Кэйтлин запрокидывает голову от смеха.

– И чем все закончилось для тебя?

– Ничем хорошим.

Она сочувственно кивает.

– Помнится, когда я впервые встретилась с Брайаном, то подумала, что там, возможно, скрывается сердце плюшевого мишки под внешним видом монстра, – говорит Кэйтлин. – Увы, нет. Там просто еще один монстр внутри, откусывающий головы плюшевым мишкам. Но он действительно лучший редактор газеты в стране.

Я киваю и смотрю в окно, пока поезд проезжает мукомольный комбинат «Старый Альбион».

– Ты хочешь стать журналистом? – спрашивает она.

– Я хочу делать то же, что и вы, – писать о преступлениях и вызывать у преступников нервный тик.

– Дело хорошее, – говорит она. – Ты знал Дрища Холлидея, я помню.

Я киваю.

– Ты давал мне некое имя, – продолжает она. – Я разузнала про него. Протезист.

– Титус Броз.

– Титус Броз, да. Я помню, ты начал рассказывать мне историю о нем, а затем умчался. Куда ты так спешил в тот день?

– Я торопился поскорей увидеться с мамой.

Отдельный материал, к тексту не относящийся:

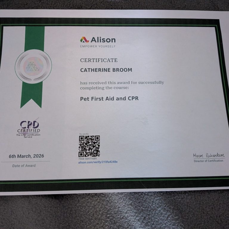 Fully certified in pet first aid to ensure your pets are safe and cared for in all situations.

– С ней все было в порядке?

– Не совсем, – отвечаю я. – Но после того, как я ее увидел, с ней все было в порядке. Это мило с вашей стороны.

– Что именно?

– Задать такой маленький вопрос о моей маме – это мило. Я полагаю, вы научились этому как журналист спустя какое-то время.

– Чему научилась?

– Задавать приятные маленькие вопросы между большими важными вопросами. Я думаю, это заставляет людей чувствовать себя лучше, когда они с вами разговаривают.

– Наверно, так и есть, – произносит она. – Знаешь, я в конце концов решила немного покопаться насчет этого твоего спеца по конечностям, Титуса Броза.

– Вы что-то нашли?

– Я звонила нескольким людям. Все как один утверждали, что он самый добрый парень на юго-западных окраинах. Чистый, как стеклышко, говорили они. Честный. Щедрый. Жертвует на благотворительность. Защитник инвалидов. Я звонила нескольким копам, которых знала тогда в Моруке. Они сказали, что он всегда был столпом общества.

– Конечно, они так сказали, – хмыкаю я. – Копы – самые главные адресаты благодеяний его щедрой души.

Я смотрю в окно на оранжевый полумесяц.

– Титус Броз – плохой человек, который делает очень плохие вещи, – говорю я. – Этот бизнес с искусственными конечностями – просто прикрытие для одного из крупнейших героиновых синдикатов в Юго-Восточном Квинсленде.

– У тебя есть какие-нибудь доказательства, Илай Белл?

– Моя история – вот мое доказательство.

И пропавший счастливый гребаный палец, если я когда-нибудь его найду, херотень такую.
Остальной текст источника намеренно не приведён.